LEWISTON — Councilors on Tuesday will review a recommendation to move the city’s senior citizen programs out of the Multi-Purpose Center and into the Memorial Armory on Central Avenue.
That’s the current staff recommendation, according to a memo in the council’s agenda packet.
It calls for increasing parking at the armory to make room for seniors and for $380,000 of renovations that would include building an elevator and a new entrance for seniors.
Mayor Robert Macdonald, a member of one of the senior groups that uses the center, said he and city staff visited the facility last week and met with some of the seniors.
“We explained some of what would need to be done and we explained some of the plans and it sounded like they might accept it,” Macdonald said. “It’s a council decision, so it isn’t up to me. But the ones I talked to sounded happy about it.”

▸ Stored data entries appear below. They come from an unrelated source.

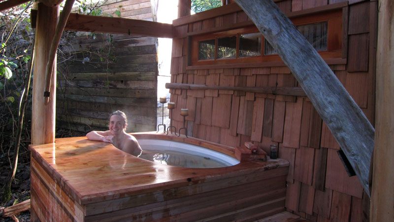 The key component of the bath house---the soaking tub. Photo courtesy of Brian, with many thanks to Leann for modeling.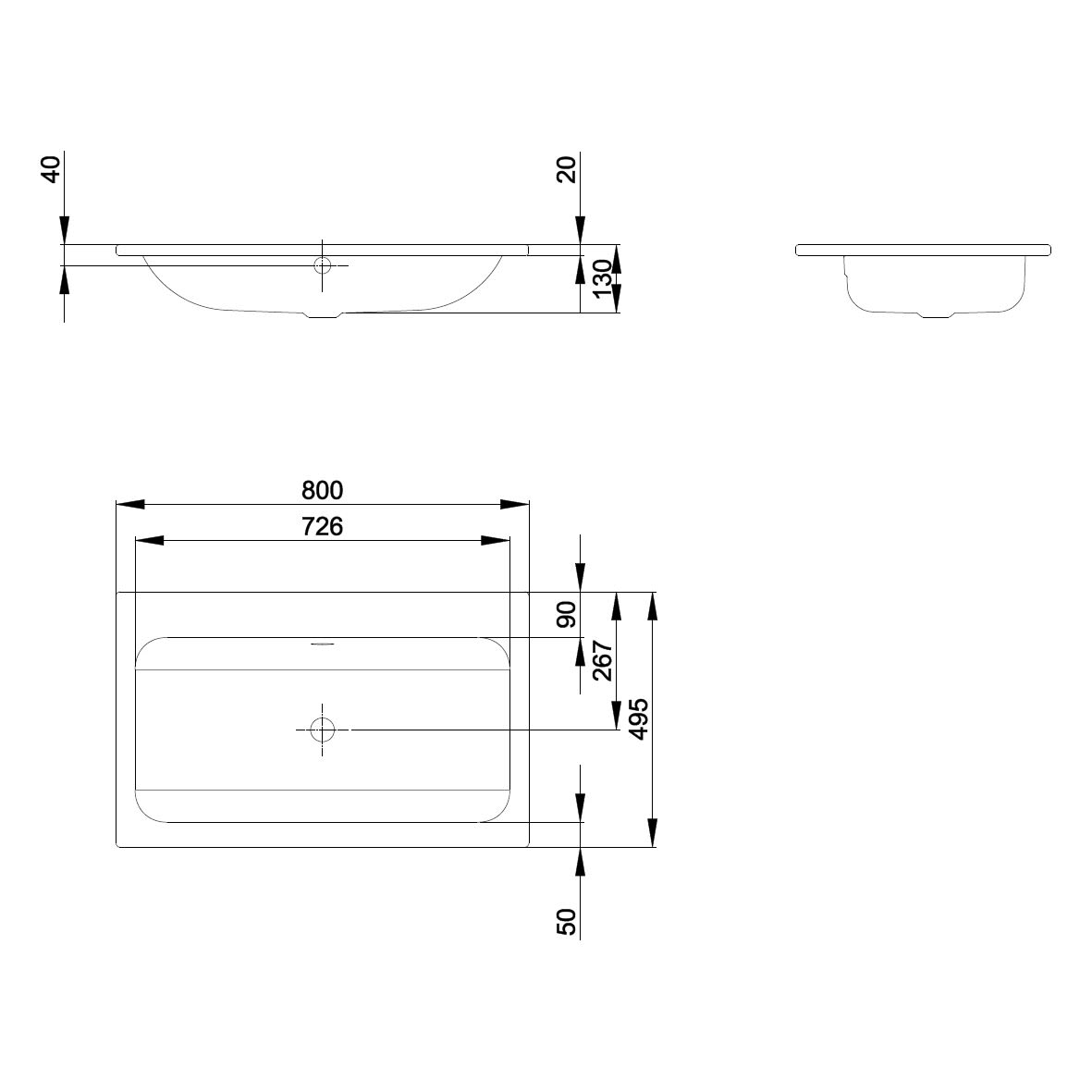 BetteOne Einbau-Waschtisch 80 x 49,5 cm ohne Hahnloch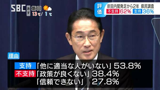 発足から2年が経過した岸田内閣についての長野県民への調査で、「不支持」が62.8パーセントとなり、「支持」の36.2パーセントを大きく上回りました。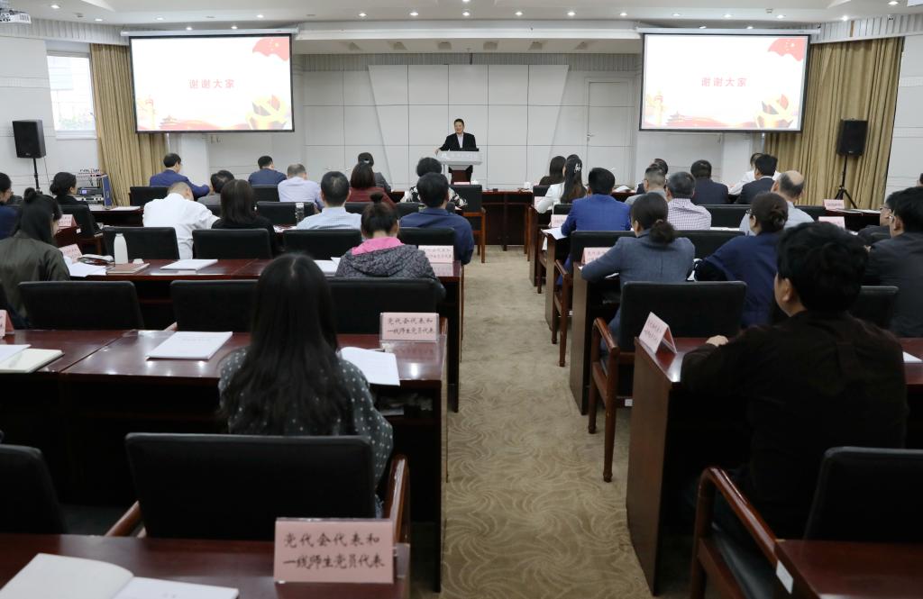 4月17日下午,学校在图书馆一楼报告厅召开2018年度二级党组织书记抓党建工作述职评议会。校领导沈赤、郝敬习、柯羽、张宏、黄坚,校党委委员宣绍龙、陈均土,党群部门负责人,全体二级党组织书记,各二级党组织党代表和一线师生党员代表出席会议。校党委副书记沈赤主持会议并作点评讲话。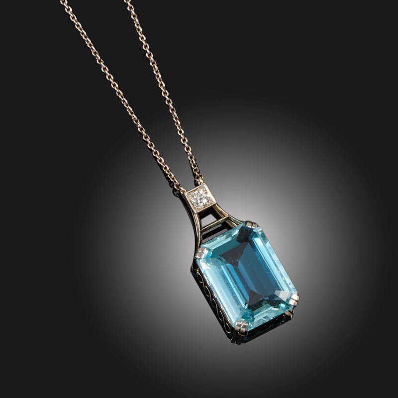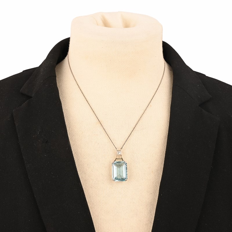 AN AQUAMARINE AND DIAMOND PENDANT NECKLACE
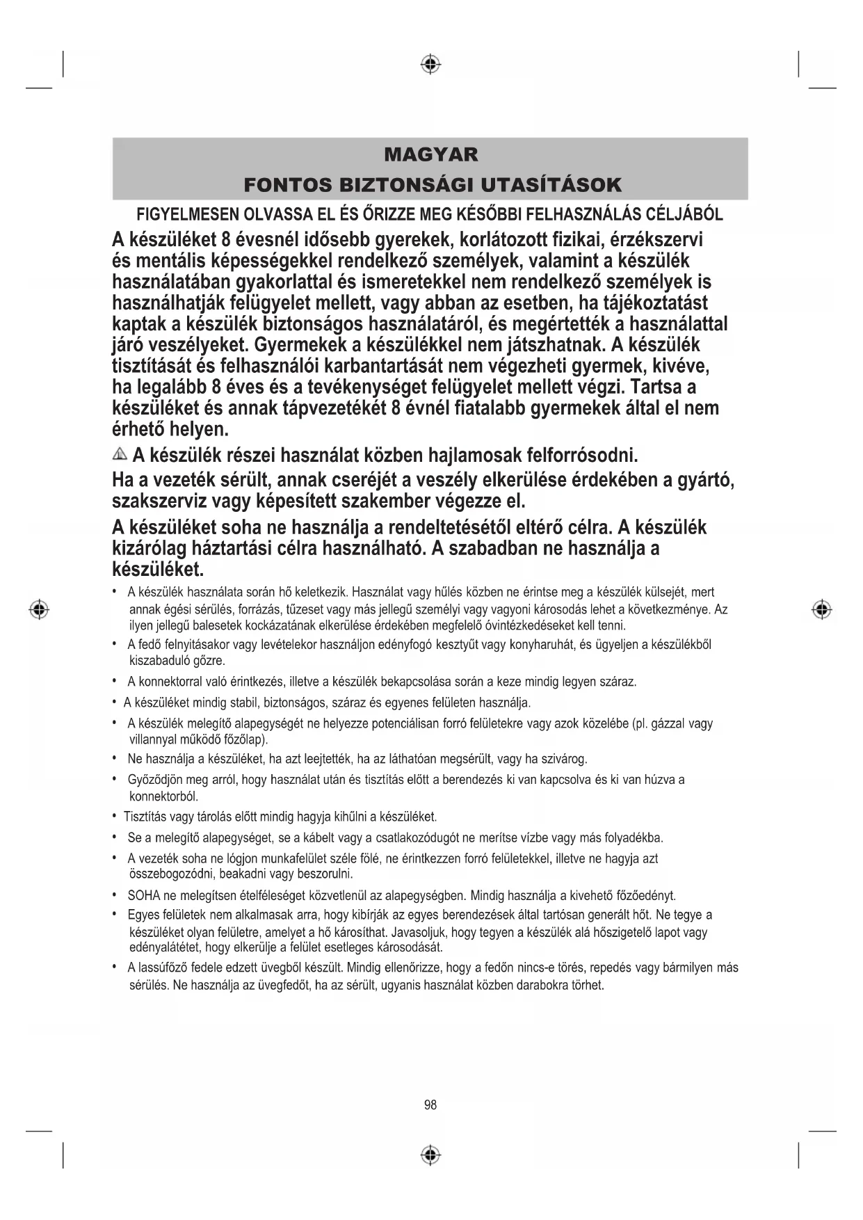 FIGYELMESEN OLVASSA EL ÉS ŐRIZZE MEG KÉSŐBBI FELHASZNÁLÁS CÉLJÁBÓL A készüléket 8 évesnél idősebb gyerekek, korlátozott fizikai, érzékszervi és mentális képességekkel rendelkező személyek, valamint a készülék használatában gyakorlattal és ismeretekkel nem rendelkező személyek is használhatják felügyelet mellett, vagy abban az esetben, ha tájékoztatást kaptak a készülék biztonságos használatáról, és megértették a használattal járó veszélyeket. Gyermekek a készülékkel nem játszhatnak. A készülék tisztítását és felhasználói karbantartását nem végezheti gyermek, kivéve, ha legalább 8 éves és a tevékenységet felügyelet mellett végzi. Tartsa a készüléket és annak tápvezetékét 8 évnél fiatalabb gyermekek által el nem érhető helyen. A készülék részei használat közben hajlamosak felforrósodni. Ha a vezeték sérült, annak cseréjét a veszély elkerülése érdekében a gyártó, szakszerviz vagy képesített szakember végezze el. A készüléket soha ne használja a rendeltetésétől eltérő célra. A készülék kizárólag háztartási célra használható. A szabadban ne használja a készüléket.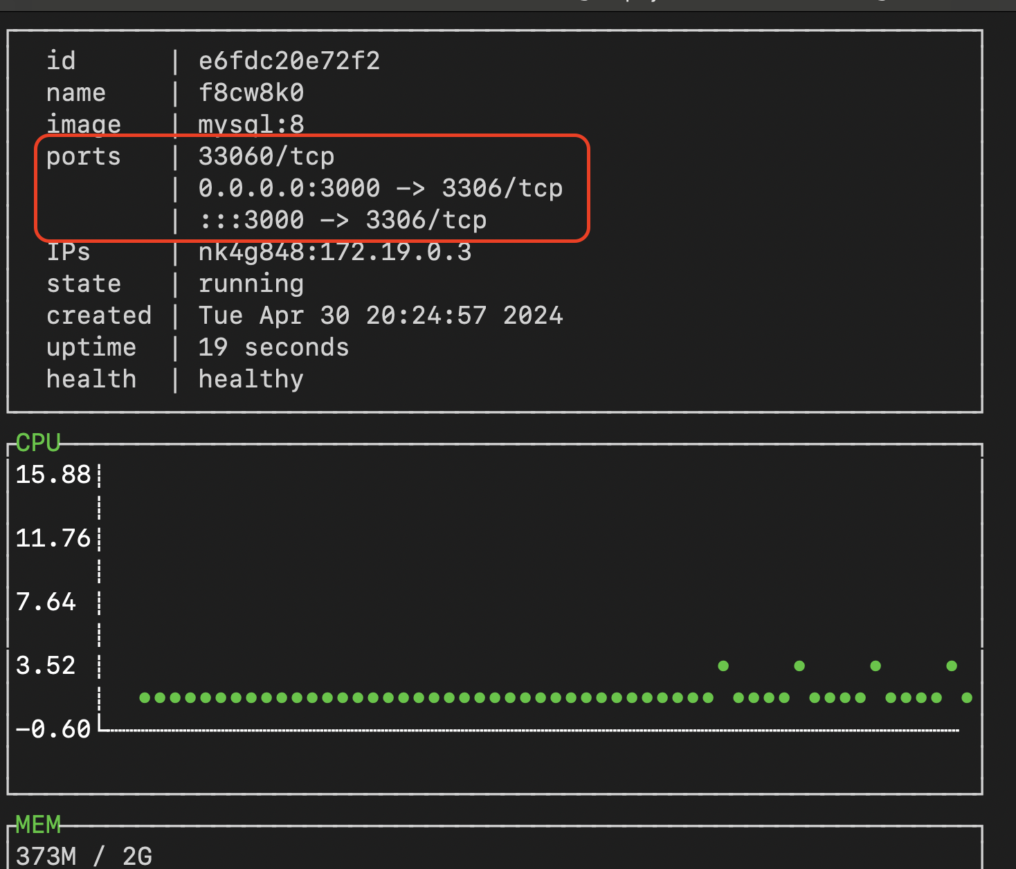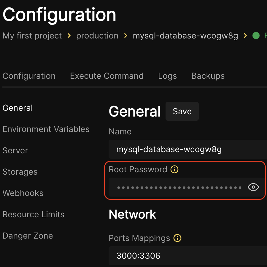Once restared, check the container to ensure ports are configured appropriately by repeating steps 6&7 above. As an example (below), port 3000 is mapped from the local coolify instance to port 3306 if the mysql container.

The meeting, a workshop discussion, is scheduled to begin at 6 p.m. in Lewiston City Hall.
School officials in September said that expected growth in the number of elementary school students citywide calls for some expansion. They’ve recommended taking over the entire Birch Street Multi-Purpose Center building as a new, bigger Longley School.
The Longley School and the Multi-Purpose Center currently share the building. Multi-Purpose Center programs include adult education classes and meeting space for the city’s senior citizen groups.
The previous City Council considered purchasing the Knights of Columbus building at 150 East Ave. and making it the new center for seniors programs.
That could require the city to buy the building from the Knights of Columbus. Combined with renovation work on the building, it could push the cost to $600,000.